Un suivi régulier, selon un protocole bien établi, et le soulagement chaque année quand on vous dit : « tout est parfait , à l’année prochaine. »

Sauf qu’en janvier 2008, ma fille, visiteuse médicale en gynécologie, me dit : « Tu devrais faire les marqueurs, on ne les a pas faits depuis l’opération » . Sur ses conseils insistants, j’en parle à mon médecin qui me répond : « Dans ton cas ça ne s’impose pas, mais si tu y tiens… »
Et là on se rend compte d’une légère augmentation ; à contrôler sur 3 mois ; l’augmentation se poursuit et en juin commencent des recherches plus approfondies pour essayer de comprendre ce qui se passe malgré l’absence de signes cliniques, à part 2 ganglions « qui roulent » sous l’aisselle à l’opposé du sein opéré et une très légère douleur au sternum quand je boucle la ceinture de sécurité de ma voiture.

Je vais donc passer une scintigraphie osseuse qui révèle une lésion secondaire sur le sternum, déjà bien avancée ; dans les ganglions on retrouve une cellule du cancer du sein ; et là tout se met très vite en place : une prise en charge par des équipes formidables, d’une écoute et d’une humanité qui font honneur à la profession, sachant trouver – en particulier celle du CHU Carrémeau de Nîmes – les mots pour nous placer, mon mari et moi, dans la position de vainqueurs potentiels et non de perdants d’avance, nous donnant ainsi le « moral » fondamental pour le combat.

Chimio donc, cette fois-ci on n’y coupe pas.

A ma question : « N’aurait-il pas mieux valu faire la chimio il y a 5 ans ? », la réponse est : « Non, car dans votre cas, sur les 100 femmes qui subiraient la chimio, pour 98 d’entre elles elle serait parfaitement inutile » Réponse de spécialiste que je comprends tout à fait ; je suis donc statistiquement dans la tranche des 2% restants.
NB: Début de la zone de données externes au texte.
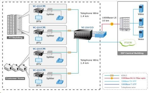 Výkonný konvertor LRE (Long Reach Ethernet) Ethernet na VDSL2 (Very-high-data-rate Digital Subscriber Line 2) umožňuje prenášať dáta cez symetrický pár vodičov rýchlosťou až 100 Mb/s na vzdialenosť 300 m alebo 50/2 Mb/s na vzdialenosť až 1,4 km. Zariadenie je univerzálne ako jednotka master (CO) / slave (CPE), režim sa nastavuje prepínačom. Jednotka podporuje prevádzkové režimy VDSL2 "17a" a "30a", ako aj "band Plan997", ktoré ovplyvňujú symetrický prenos dát pri vyšších rýchlostiach. Pomocou externého rozdeľovača je možné zachovať hlasovú službu na telefónnej linke bez ďalších úprav kabeláže; dátová prevádzka sa jednoducho pridá k existujúcej hlasovej prevádzke. Je teda možné používať telefónne káblové vedenia pôvodne určené nielen na pripojenie k účastníkom, ale aj medzi analógovými ústredňami. ISP (poskytovateľ internetových služieb) tak môže ponúkať multimediálne služby, VOD (video na požiadanie), VoIP (hlas cez IP), videotelefón, IPTV atď. Smerovač možno úspešne prevádzkovať cez linky VDSL spoločnosti O2. Vlastnosti: - 1 port VDSL, konektor RJ-11 - 1 port LAN 10/100Base-TX, prepínanie, plný duplex (100/200 Mb/s), automatické vyjednávanie (10/100 Mb/s) - prenos paketov do 1536 bajtov - transparentný pre IEEE 802.1Q VLAN tag - parametre nastavené prepínačmi DIP na zariadení: výber CPE/CO, výber modulácie, výber komunikačného limitu, výber SNR - podpora štandardov: IEEE 802.3, 10Base-T, IEEE 802.3u, 100Base-TX, IEEE 802.3x - spĺňa štandardy VDSL ITU-T G.993.1, ITU-T G.997.1, ITU-T G.993.2 - rozměry 90x70x26mm - hmotnost: 199g - externí zdroj 5V/2A - provozní teplota okolí: 0 až 50°C - lze instalovat do modelů šasi: MC-700 / MC-1500/ MC-1500R Dosahy a rychlosti na vedení s vodiči AWG24 a lepších: > 17a profil (Downstream / Upstream) - 200m -> 86/65Mbps - 400m -> 86/52Mbps - 600m -> 81/36Mbps - 800m -> 72/19Mbps - 1000m -> 60/9Mbps - 1200m -> 59/6Mbps - 1400m -> 49/2Mbps > 30a profil (Downstream / Upstream) - 300m -> 100/100Mbps - 400m -> 90/90Mbps - 600m -> 61/40Mbps - 800m -> 54/8Mbps Nastavení pro O2 VDSL připojení - modem v režimu CPE; další DIP přepínače FEC, VDSL profil, SNR podle kvality linky (standardně FEC=Fast, VDSL=30a, SNR=9dB) - v routeru na WAN rozhraní aplikovat VLAN ID:848 - nad WAN nastavit PPPoE klienta, Login: O2/O2 - dále věnujte pozornost nastavení vašeho router, jeho firewallu, přístupových práv, UPnP, atd...
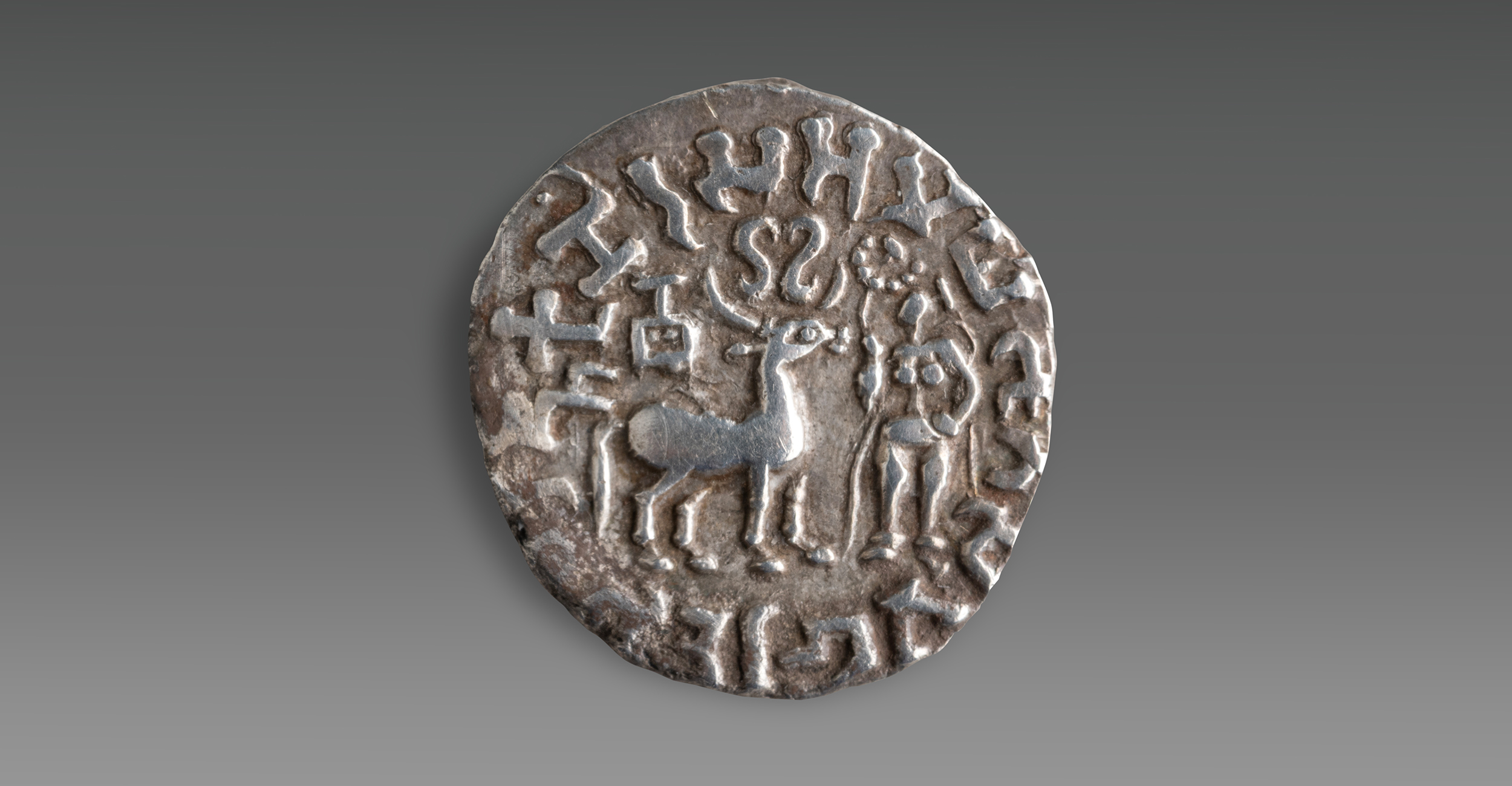 Obv: Deer facing right, Goddess Lakshmi holding lotus in her upraised right hand; square vase above deer’s back; Srivatsa between its horns; a dotted sun behind the deer’s hind leg Brahmi legend around (from 9 o’clock) rajnah kunidasa amoghabhutisa maharajasa
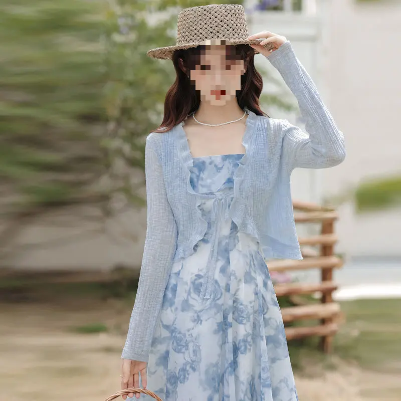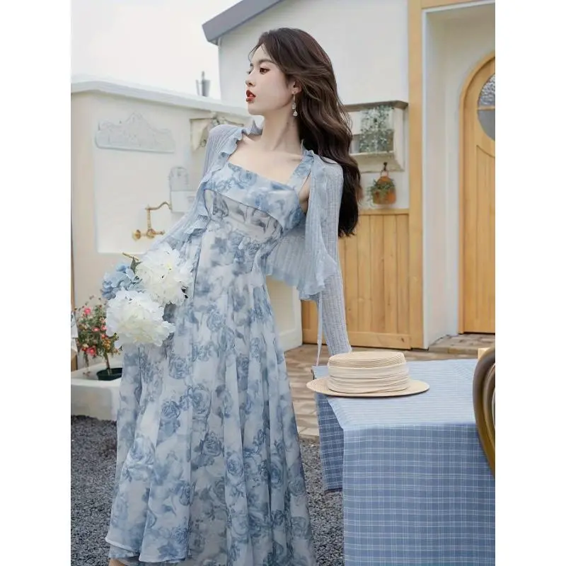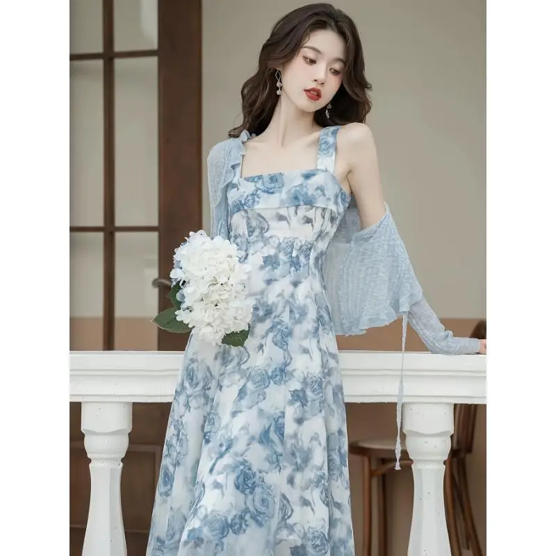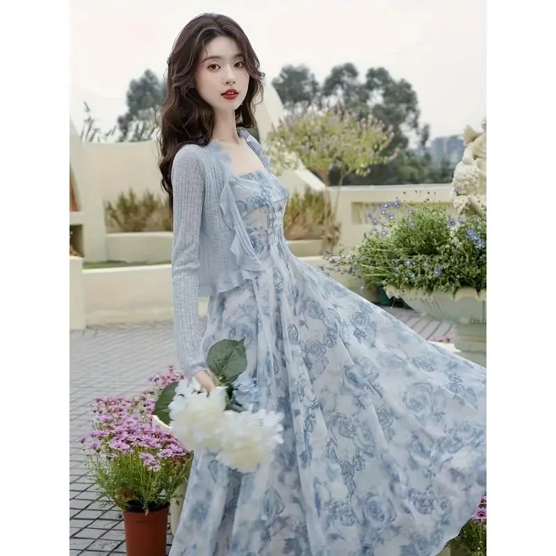 Long Sleeve Elegant Floral Print Strap Dress Set with Ruffle Trim Open Front Ribbed Cardigan & Square Neck Sleeveless A-line Dress Outfits, Women's Clothing

Juillet donc, les faits et les images sont là, première chimio avec des examens complémentaires de routine, en l’occurrence un scanner cérébral qui révèle une tumeur au cerveau dont on ne peut avec certitude déterminer la nature, mais dans le contexte existant, il faut agir. Bien conseillés, nous filons sur Marseille Hôpital La Timone ; opération prévue sans retard pour le 23 septembre.

Il a fallu se rendre à l’évidence : les trois médecins qui me suivent au centre de cancérologie de Montpellier, à Nîmes et à Marseille sont unanimes : sans ces marqueurs en janvier, pas de prise en charge et dans 6 mois ou 1 an, je me retrouvais dans un tout autre cas de figure avec des chances de vie d’un tout autre ordre.

Alors je pose une question évidente : « Pourquoi cette analyse des marqueurs n’est-elle pas systématique dans la surveillance, y compris dans le cas où la guérison est considérée comme acquise puisqu’il y a cette fameuse tranche des 2% ?

Cette question, je l’ai posée et la réponse est tombée : Directives et politique nationales : ça reviendrait trop cher.
Le 3 septembre 2008, Le Monde, sous la plume de J.Y. NAU, publiait un article : « Mortalité par cancer : les inégalités sociales ont augmenté en France. »

Or des mesures qui ne tendent pas à gommer ces inégalités ne contribuent-elles pas à les aggraver ?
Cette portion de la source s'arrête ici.